Note: This article is an English translation of an article written in another language. If you have are having trouble reading it, I will improve the translation.
What is a computer virus?
- Definition: A computer virus is "a set of computer instructions or program code that is inserted into a computer program by the programmer to disrupt computer functions or destroy data, affect the use of the computer and is capable of self-replication".
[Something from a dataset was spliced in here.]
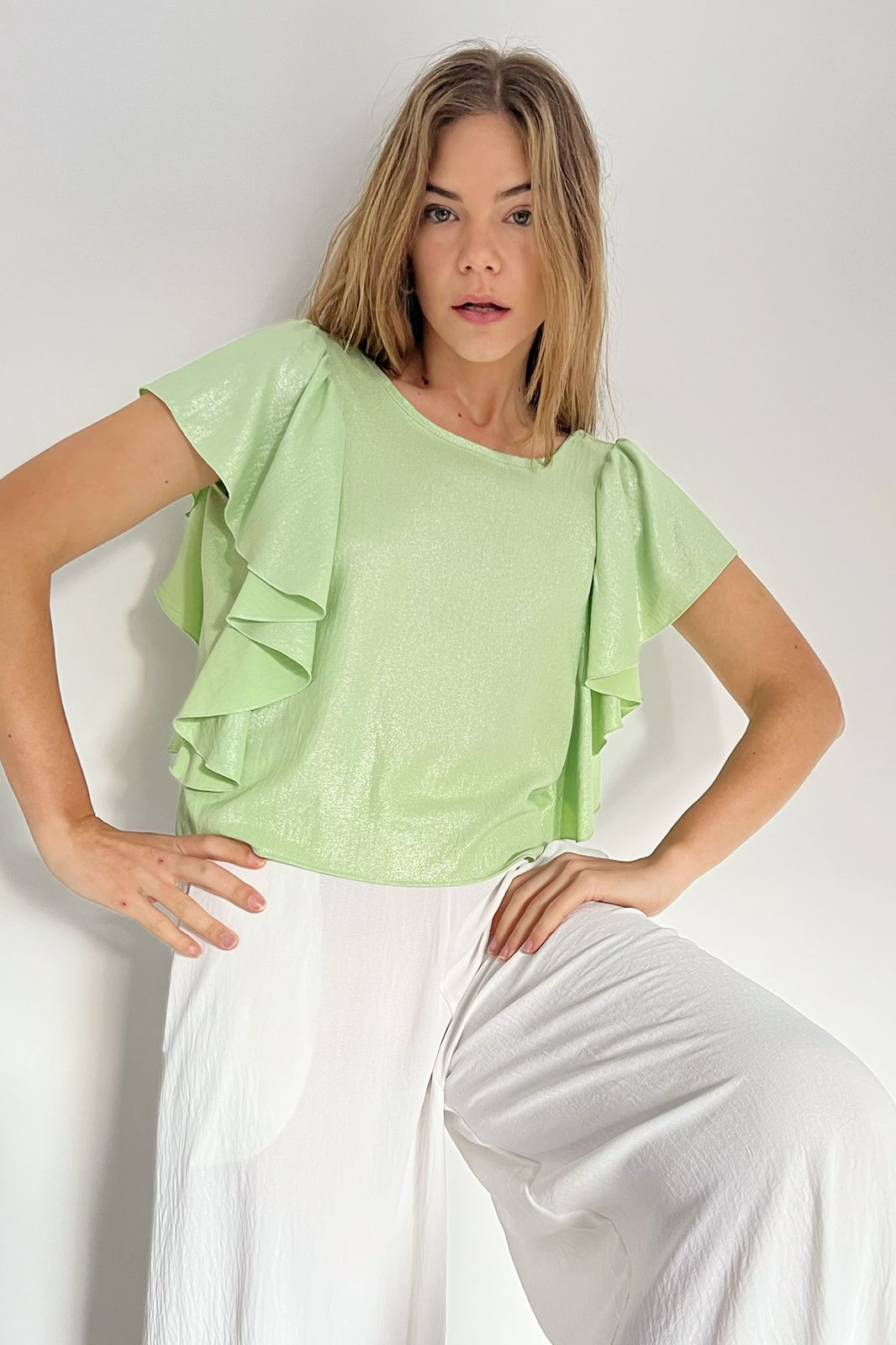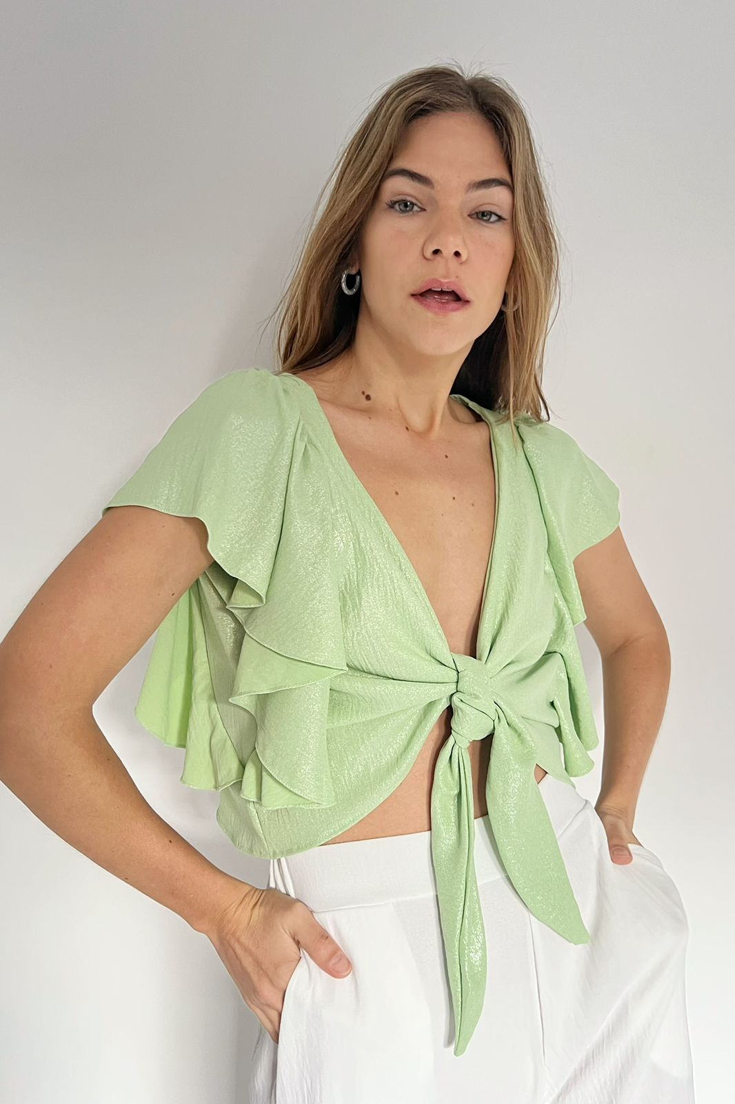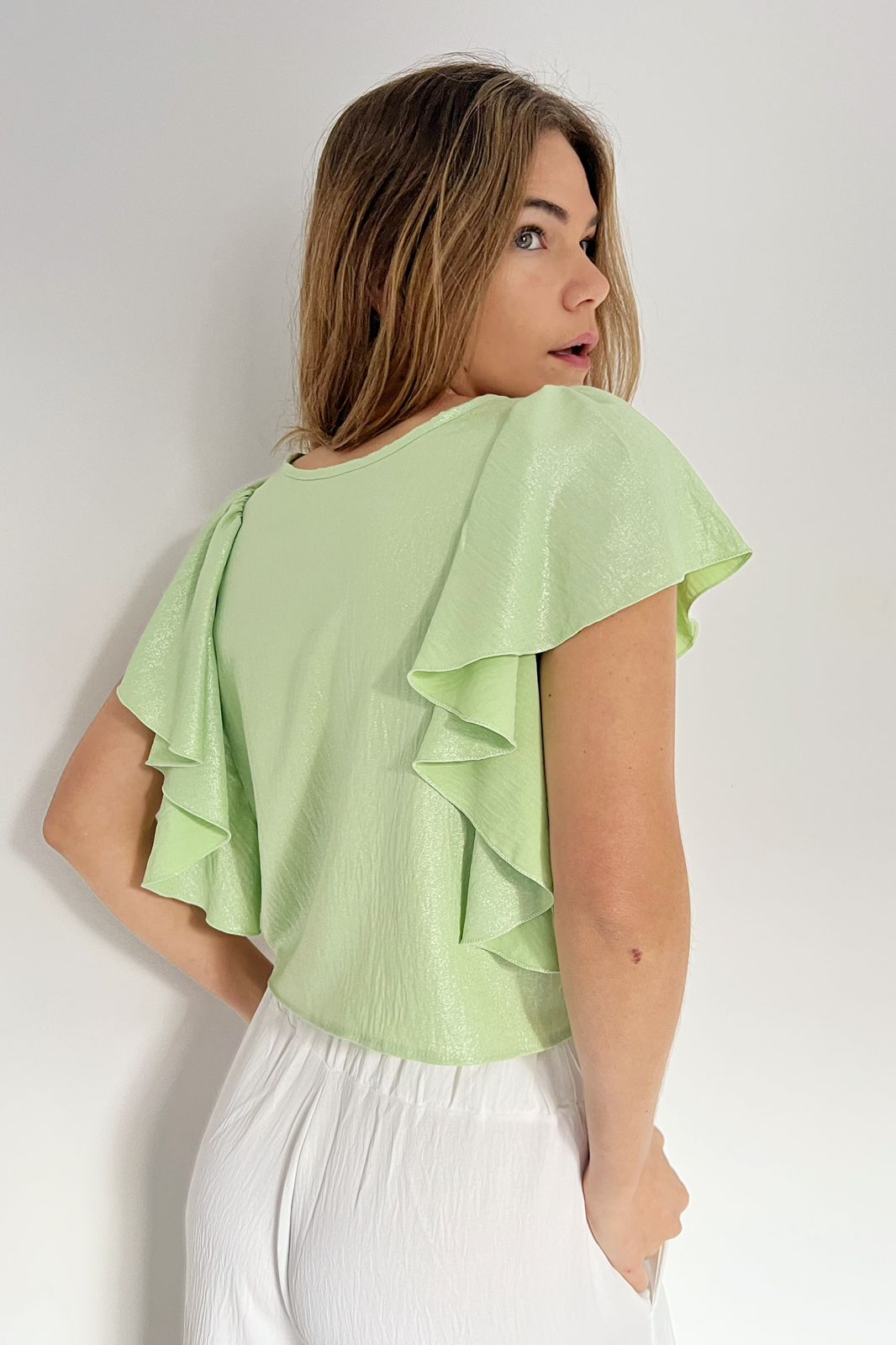 #Top #crep lino #volados #uso reversible #TALLE UNICO #TALLE M/L(la modelo mide 170cm y es 38 de jean, te servira de referencia)

- Broadly speaking: Because a virus in a computer can affect the speed of the machine, or crash and destroy the system, a virus can cause a lot of damage to the user, and usually in this case we call the program with a destructive effect a computer virus, which can also be any malicious program that causes damage to the user, the computer network in some way, such as: Trojan horses, worms, rootkits, adware, bundling software, spyware, spyware, spyware, computer viruses, etc, bundled software, spyware, ransomware, etc.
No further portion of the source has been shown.